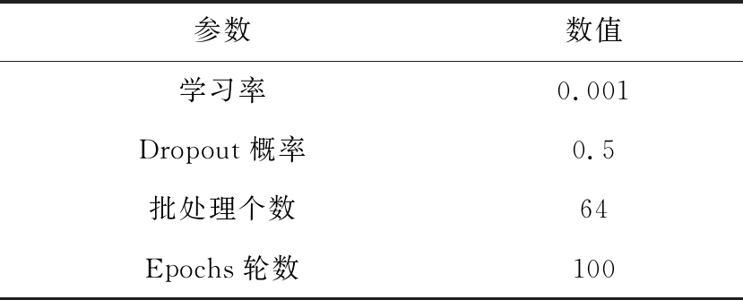 参数数值学习率0.001Dropout概率0.5批处理个数64Epochs轮数100
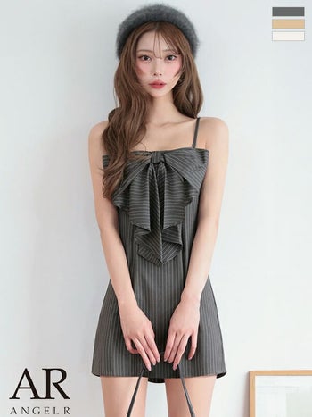 キャバドレス Angel R エンジェルアール キャミソール ビックリボン ベアトップ ストライプ ガーリー Aラインミニドレス
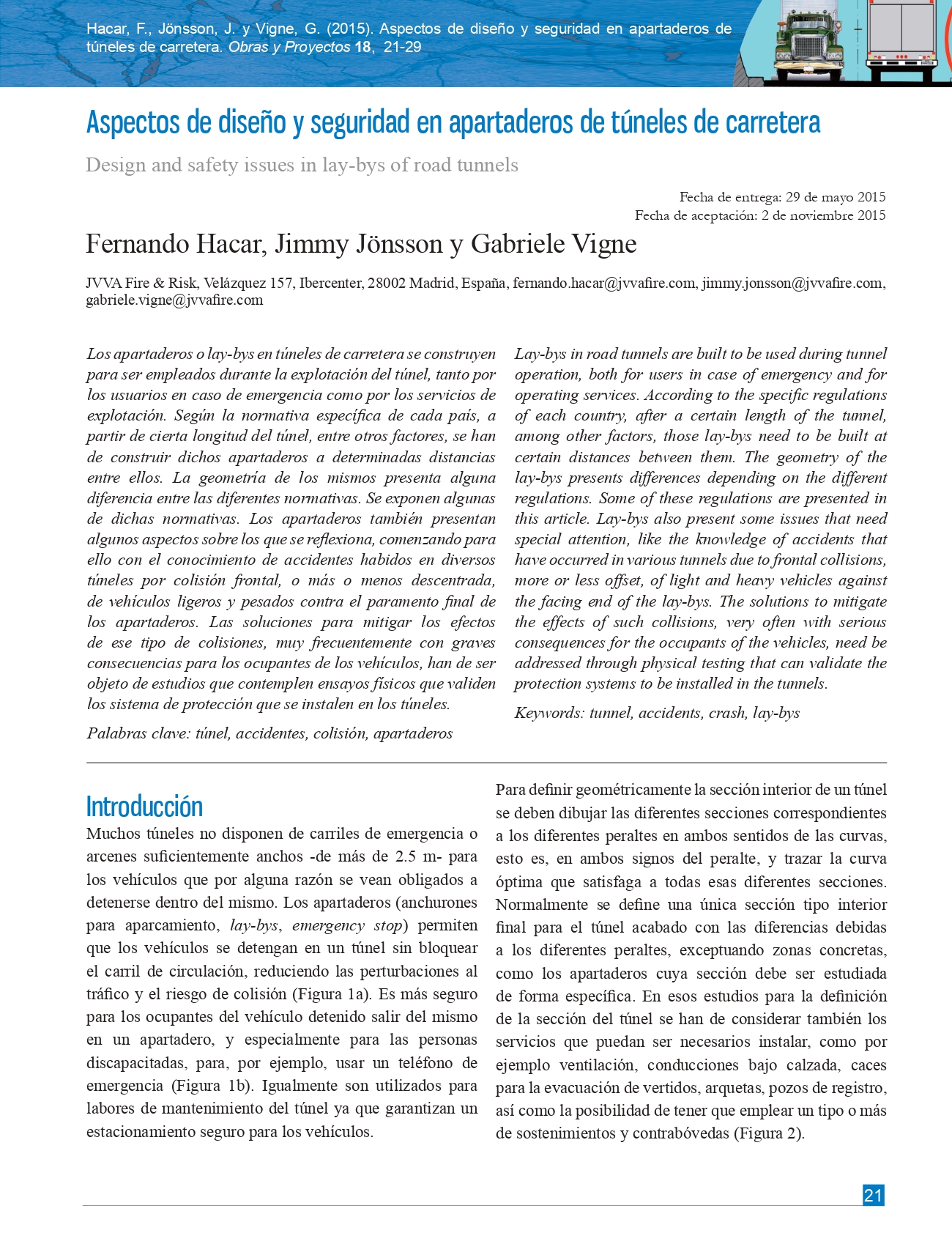 Aspectos de diseño y seguridad en apartaderos de túneles de carretera
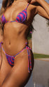 Graphic bold stripes, sleek lines, and a confident fit. This Brazilian two-piece swimsuit features a sliding triangle swim top with soft pads, a halter tie, and a back tie, paired with a tie-side, scrunch cheeky swim bottom to deliver a sporty, sexy fit made for beach days.
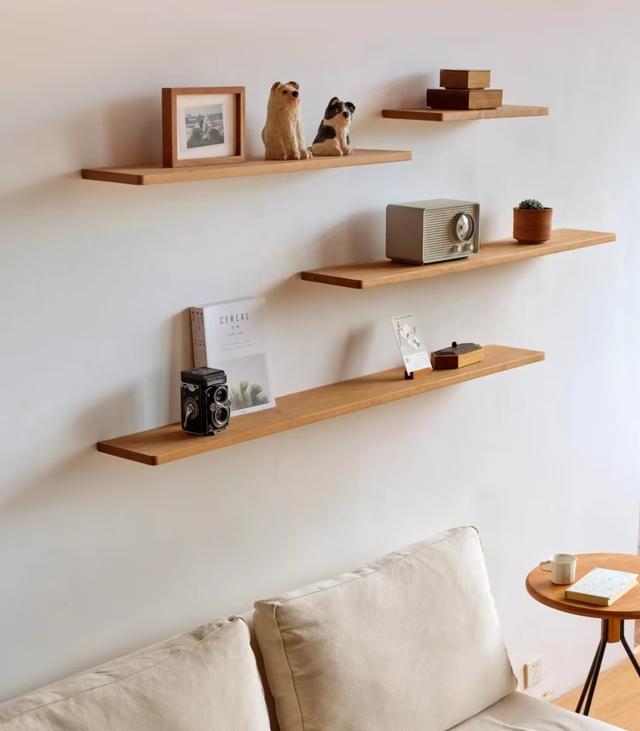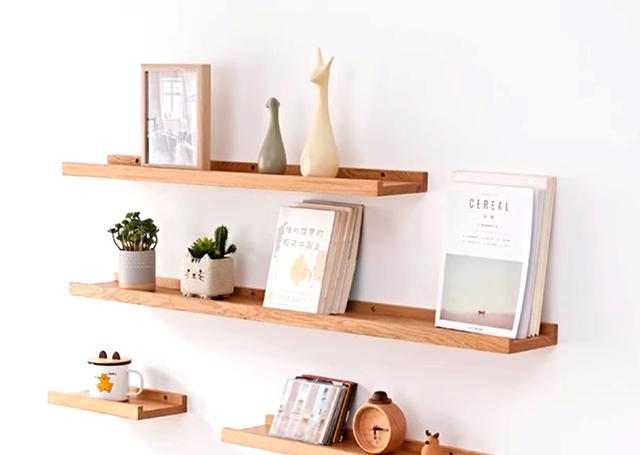 第二款为:一字型悬浮实木隔板,实木材料更加环保,适合各种家居风格。

# What this task involves
A verbatim copy of the records is expected, from their first line through the line with "Aspectos de diseño", inclusive, with the pictures removed.

# Answer space
 参数数值学习率0.001Dropout概率0.5批处理个数64Epochs轮数100
 キャバドレス Angel R エンジェルアール キャミソール ビックリボン ベアトップ ストライプ ガーリー Aラインミニドレス
 Aspectos de diseño y seguridad en apartaderos de túneles de carretera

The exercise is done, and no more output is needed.